Groupthink is a phenomenon where a certain member of a group expresses ideas and opinions that go unchallenged, often to the detriment of the group. Social Psychologist Irving Janis first coined the term in the early 70’s and it’s still a challenge today. Groupthink exists for a variety of reasons. Normally, the group is more obsessed with agreement than considering alternative viewpoints. There’s usually one member of the group who is most popular, persuasive or otherwise dominant.

One of the most infamous examples of Groupthink was the tragic space shuttle accident in 1986. A group of engineers found some faulty parts but were convinced they didn’t need to worry about them and that the negative publicity of cancelling the launch would be too much to overcome. Of course they were wrong, the Challenger space shuttle exploded shortly after launch killing 7 people.

In less fatal ways, groupthink is prevalent in board rooms, class rooms, juries and it effects frat boys, C-suite members, athletes, politicians and everything in between without prejudice. It’s a human bias problem keeping organizations from optimal decision making and performance.

Here are 4 things you can do to avoid falling victim to group think.

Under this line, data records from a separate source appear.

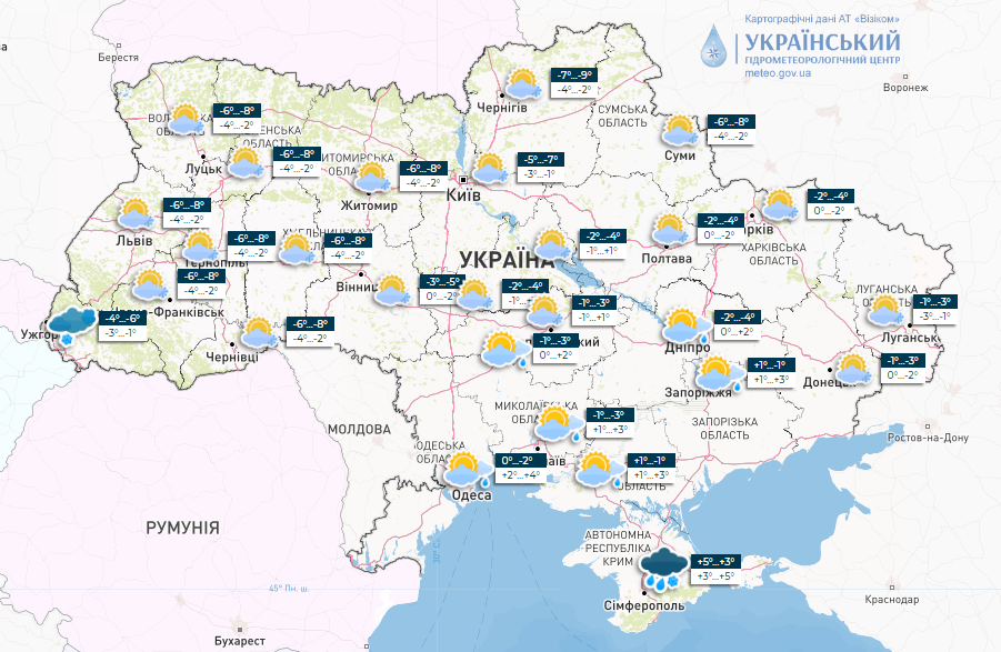 В понеділок, 4 грудня, на більшій території України встановиться суха і морозна погода. Невеликий дощ та сніг ймовірні лише в Криму, Приазов'ї та Закарпатті.
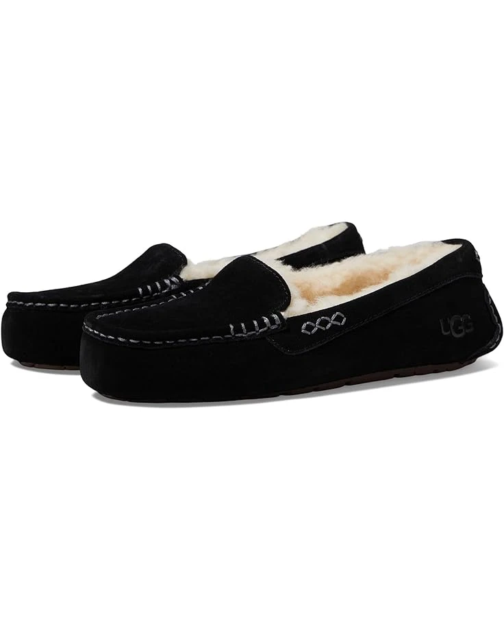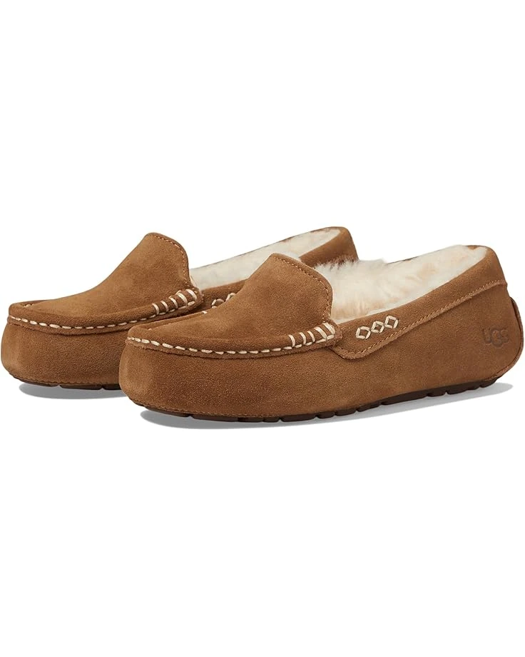 - The Ansley slipper from UGG® offers the ultimate in luxury and comfort. This easy slip-on style slipper offers a water-resistant suede upper in a moc toe silhouette, giving your feet that cozy-warm feel on laidback days.
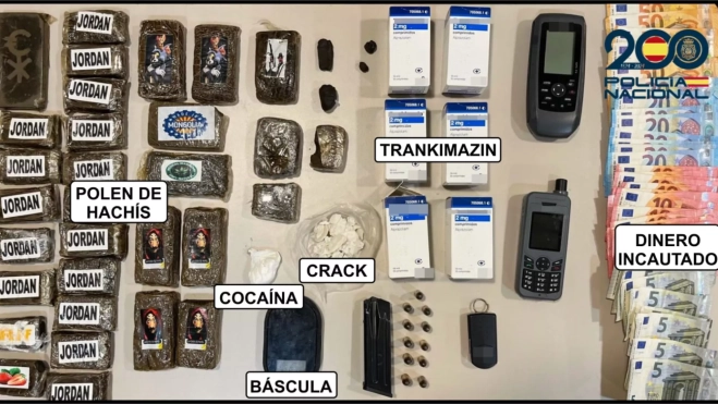 Con la correspondiente orden judicial, se realizó un registro en el domicilio del mismo donde le se le incautaron 9,7 gramos de cocaína, 23,8 gramos de crack, 1,2 kilogramos de hachís, 191 gramos de polen de hachís, 300 pastillas.
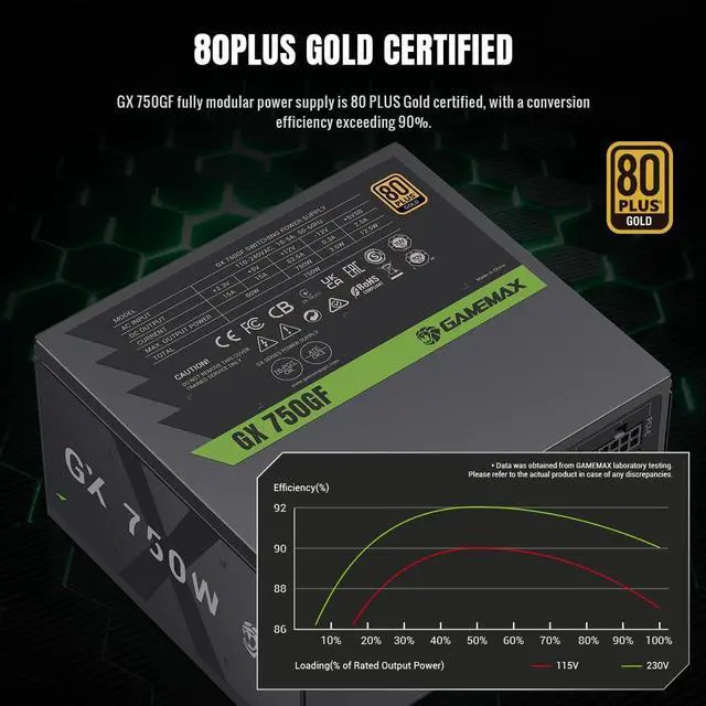 Efficiency Certified: 80 Plus Gold certified with classic efficiency over 92%, delivering stable and energy-saving power for gaming and system builds.

  1. Advocate for Organizational Health – For a challenging view to emerge and ultimately help the team make the best decision, there must be a functional, encouraged even, amount of conflict. The point isn’t to be a contrarian for the sake of arguing, but to have team members feel comfortable sharing a different perspective. Steel sharpens steel.
  2. Incorporate Different Types of Feedback Channels – For product management, if you only or primarily rely on focus groups and client advisory teams, you’re at risk for succumbing to groupthink. There’s nothing wrong with using these two techniques and they can provide value, but make sure you have qualitative, 1-on-1 interviews with clients where groupthink bias is essentially removed. Surveys are another way to avoid this.
  3. Understand Your Team – Even if an organization’s culture encourages alternative ideas, some individuals may not feel comfortable speaking up in a group. Give these individuals time in a 1-on-1 call (whether it’s as their peer or manager) to share these other ideas. The LifeHack article on the topic explained this in more detail.
  4. Stay Open Minded – It can be tempting with deadlines looming to falsely believe you’re on the right path and dismiss the “devil’s advocate” viewpoint. But what matters is outcome, not output and if you do the wrong thing the right way, you’ll most likely have an output met but it won’t deliver on the ultimate objective.

I’ll leave you with this great quote from Jim Hightower: “The opposite of courage is not cowardice. It’s conformity. Even a dead fish can go with the flow.”